In Farmingville, N.Y. this September, two white men picked up two Mexican day laborers who were looking for work, took them to an abandoned factory, and proceeded to assault them with a crowbar and a knife. Despite their town's established practice of hiring illegal day laborers, the kidnappers aimed to send an unambiguous message to these and all of the other brown-skinned migrants searching for jobs: Mexican immigrants are unwelcome.

This suburb is not the only place struggling with the hypocrisy of its addiction to cheap illegal labor as juxtaposed with its abhorrence of the consequent poverty and ethnic diversity. The state of Iowa, perturbed by the successful economy's "tight labor market" and its aging population, is currently actively recruiting Bosnian and Sudanese labor for its meat packing factories, to a fair deal of undisguised nativist dismay (only among people without direct interest in meat packing). Throughout the U.S. we see a continued exploitation of bottom-rung wage labor, which more often than not means legal or illegal immigrant labor; and, at the same time, in exactly the same places, we hear polemic, often racist and xenophobic, denouncements of "the hordes" coming to sink their fangs into our social services.

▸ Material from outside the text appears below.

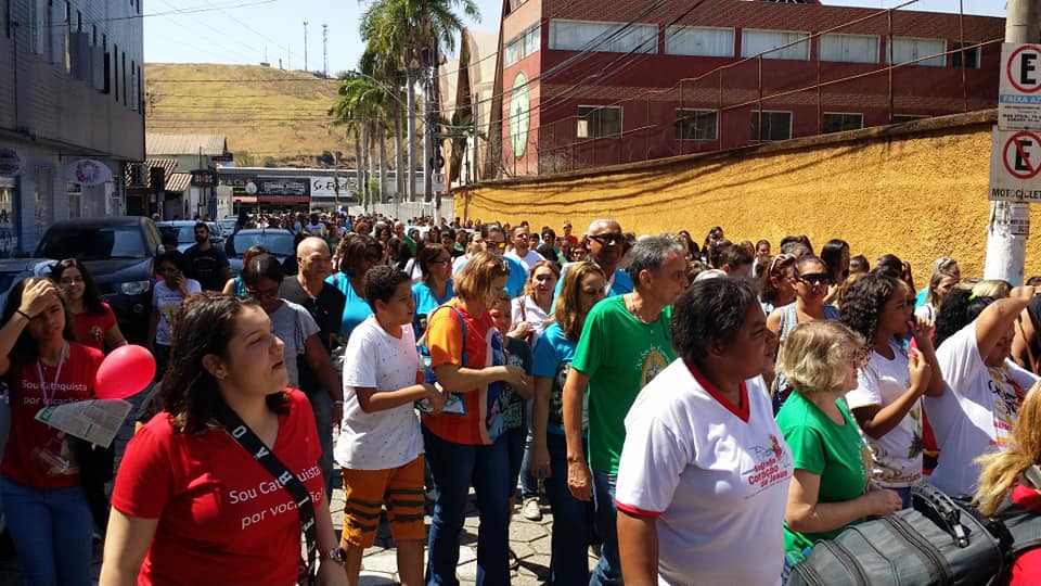 Fomos recebidos , cerca de 1100 catequista pela Paróquia São Sebastião de Coronel Fabriciano. Iniciamos com uma calorosa acolhida no clube Casa de Campo, onde tomamos café da manhã e nos alegramos com musicas e sorteio de brindes. Os catequistas presentes ouviram palavras de carinho, incentivo , agradecimento pela bonita e importante missão desempenhada, palavras de nosso Bispo Dom Marco através de um áudio enviado a todos os catequistas , do nosso assessor diocesano e regional de catequese Pe. Ronaldo Torre e também do Pe. José Wilker que nos acolheu com muito carinho. Saímos em procissão para a Co-Catedral para participarmos da Santa Missa.

Multiculturalism is an ideology that attempts to confront our nation's crude ethnocentric hypocrisy, not deny its roots in economic exploitation. Its humble goal is to humanize "immigrant labor," to give the cultural backgrounds of our recently arrived economic bottom rung the respect and legitimacy needed to be unranked and unridiculed.

—Grace Rollins, CC '01

Article reveals male insecurity

Dear Editor:

In "Reflections on gender: admitting bias, taking blame" [YH 10/20/00], Derek Lomas makes a positively inane statement regarding the state of male-female relations at college. Setting aside the incoherence of his writing style, I find a basic contradiction in his piece. Mr. Lomas' argument rests on the contention that women are "insecure." According to Mr. Lomas, women "look to men for validation" as "the objects of security for which women strive." What group of women is Mr. Lomas referring to? Surely he can't be so ignorant as to believe that all women depend on men to determine their relative worth as human beings. He declares that "women require male attention." Most women are perfectly secure and certainly don't require the attention of their male counterparts. Those women who do look for validation do not seek it only from men. Mr. Lomas states in his opening paragraph that female gossip "pushes women into insecurity." If women can be pushed by other women into insecurity, they must depend on those women for some type of personal validation.

Mr. Lomas makes it clear through his succession of "points" (if they even merit that term) that it is men who are the insecure sex. He bemoans the compulsion of men to judge women solely by their external appearance, yet offers no remedy. Mr. Lomas asks, "Do I have the confidence to date... someone all my friends find ugly?" His question betrays a basic masculine insecurity and the overwhelming need for fellow male approval. He goes on to openly admit to this unease in his description of the discomfort that results from the "guy" discussion of hook ups. "We feel insecure in those situations, because we want to seem really effective," he states. Mr. Lomas, it seems, is the one who looks to men for validation.

Mr. Lomas wrote that I may disagree with his article. I do. I admit to being one of the "haughty" women to whom he refers, so haughty, in fact, that I am offended such an article would even be printed by the Yale Herald. Mr. Lomas prefaces his confused article with a profession of his general ignorance and a willingness to "be open to honestly learn." If men, as Mr. Lomas says, do indeed want to learn, they should begin by talking to women. Ultimately, Mr. Lomas' article does not "admit bias" and "take blame," it reinforces ignorance.